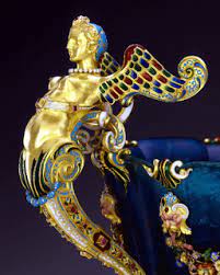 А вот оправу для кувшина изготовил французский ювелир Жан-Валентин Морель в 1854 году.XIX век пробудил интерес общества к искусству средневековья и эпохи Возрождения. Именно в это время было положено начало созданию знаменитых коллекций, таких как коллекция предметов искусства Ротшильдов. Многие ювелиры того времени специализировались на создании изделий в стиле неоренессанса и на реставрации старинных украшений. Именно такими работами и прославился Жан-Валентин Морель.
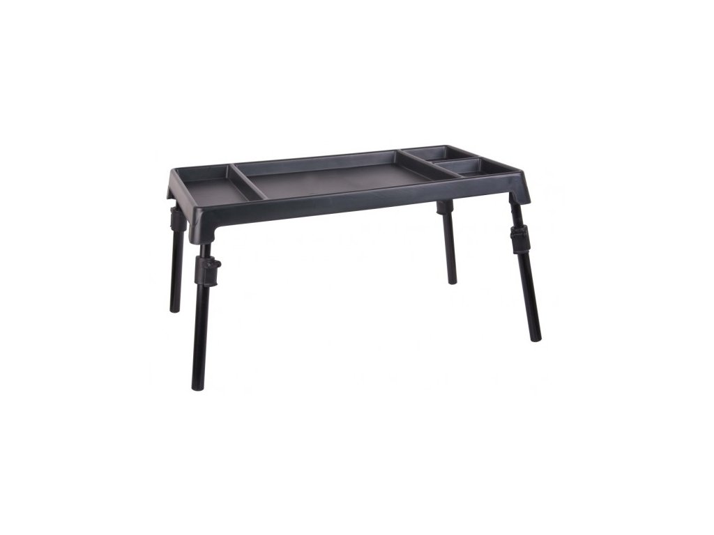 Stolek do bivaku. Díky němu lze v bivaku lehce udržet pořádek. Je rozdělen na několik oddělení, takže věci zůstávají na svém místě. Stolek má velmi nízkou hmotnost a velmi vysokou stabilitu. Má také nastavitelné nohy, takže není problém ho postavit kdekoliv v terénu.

---

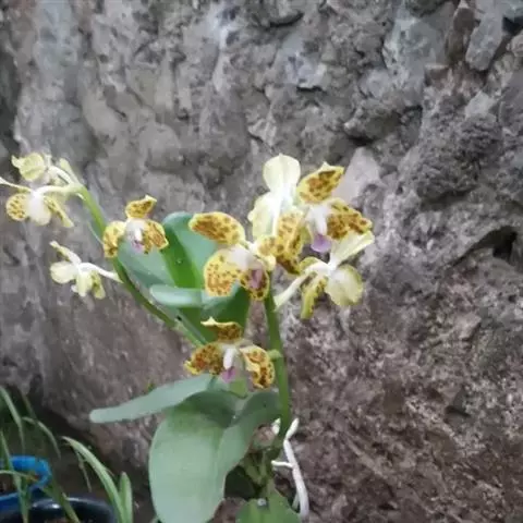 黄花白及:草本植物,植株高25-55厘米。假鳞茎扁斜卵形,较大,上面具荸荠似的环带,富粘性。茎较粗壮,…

---

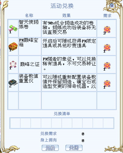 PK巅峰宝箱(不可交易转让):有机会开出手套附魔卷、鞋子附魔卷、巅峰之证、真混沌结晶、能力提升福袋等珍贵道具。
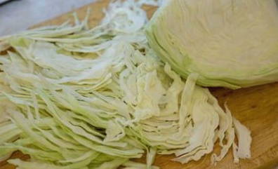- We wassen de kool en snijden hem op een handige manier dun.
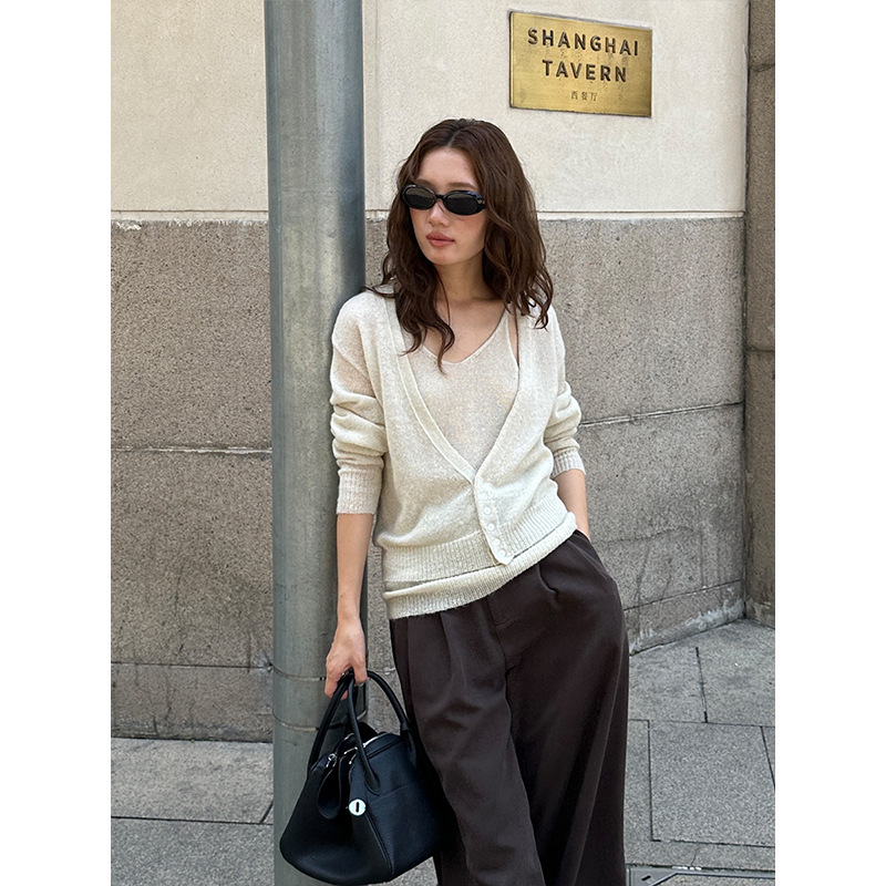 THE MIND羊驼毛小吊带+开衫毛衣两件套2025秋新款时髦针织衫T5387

TASK =>
The answer should consist only of the lines above from the one with "- We wassen" through the one with "THE MIND羊驼毛小吊带+开衫毛衣两件套2025秋新款时髦针织衫T5387", repeated exactly, with no pictures among them.

EXERCISE RESPONSE =>
- We wassen de kool en snijden hem op een handige manier dun.
 THE MIND羊驼毛小吊带+开衫毛衣两件套2025秋新款时髦针织衫T5387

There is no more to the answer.